RECORDS SUPPLIED -
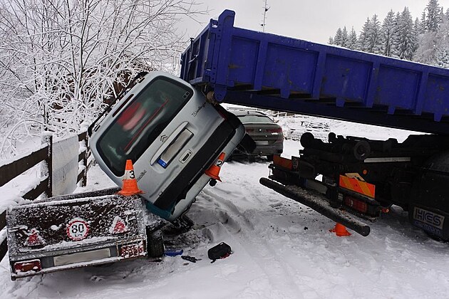 Řidič s nákladním vozem při couvání na namrzlé silnici uklouzl a korbou narazil do zaparkovaného auta. To zůstalo napůl převrácené.
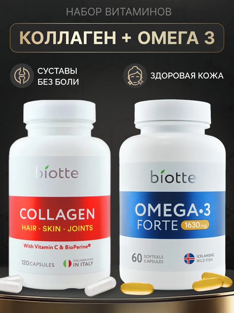 | Комплектация | коллаген 120 капсул; омега 60 капсул |
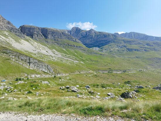 Herrliche Fahrt durch und über das Durmitor Gebirge. Extrem lange Strecke über 1400 Meter hoch bis ca. 1900 Meter. Wahnsinns Landschaften und Berge.
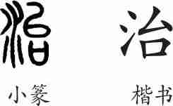 “治”是形声字。小篆从水,台声。隶变后楷书写作“治”。
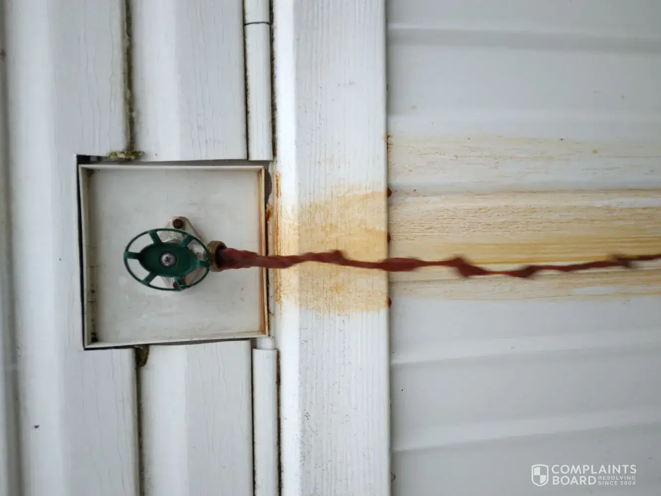 In the past 5 years I have had to change my water heater's heating element 2 times, the rust builds up to the Heating Element and shorts them out. Regency Point Estates water lines do not have a Flush Out Valve, and when they turn water off in the mobile home park and turn it back on we get a very large amount of rust. As seen in picture of my outside cold water line. Every Park Manager has said that it is coming from my water heater when there is no way hot water can cross over into my cold water line. I will have to change Heating Element again soon as you can see in picture taken Jan 24 2024 that shows my outside cold water outlet

WHAT YOU WILL DO - The records above must be printed exactly; the pictures stay out.

FINAL ANSWER -
 Řidič s nákladním vozem při couvání na namrzlé silnici uklouzl a korbou narazil do zaparkovaného auta. To zůstalo napůl převrácené.
 | Комплектация | коллаген 120 капсул; омега 60 капсул |
 Herrliche Fahrt durch und über das Durmitor Gebirge. Extrem lange Strecke über 1400 Meter hoch bis ca. 1900 Meter. Wahnsinns Landschaften und Berge.
 “治”是形声字。小篆从水,台声。隶变后楷书写作“治”。
 In the past 5 years I have had to change my water heater's heating element 2 times, the rust builds up to the Heating Element and shorts them out. Regency Point Estates water lines do not have a Flush Out Valve, and when they turn water off in the mobile home park and turn it back on we get a very large amount of rust. As seen in picture of my outside cold water line. Every Park Manager has said that it is coming from my water heater when there is no way hot water can cross over into my cold water line. I will have to change Heating Element again soon as you can see in picture taken Jan 24 2024 that shows my outside cold water outlet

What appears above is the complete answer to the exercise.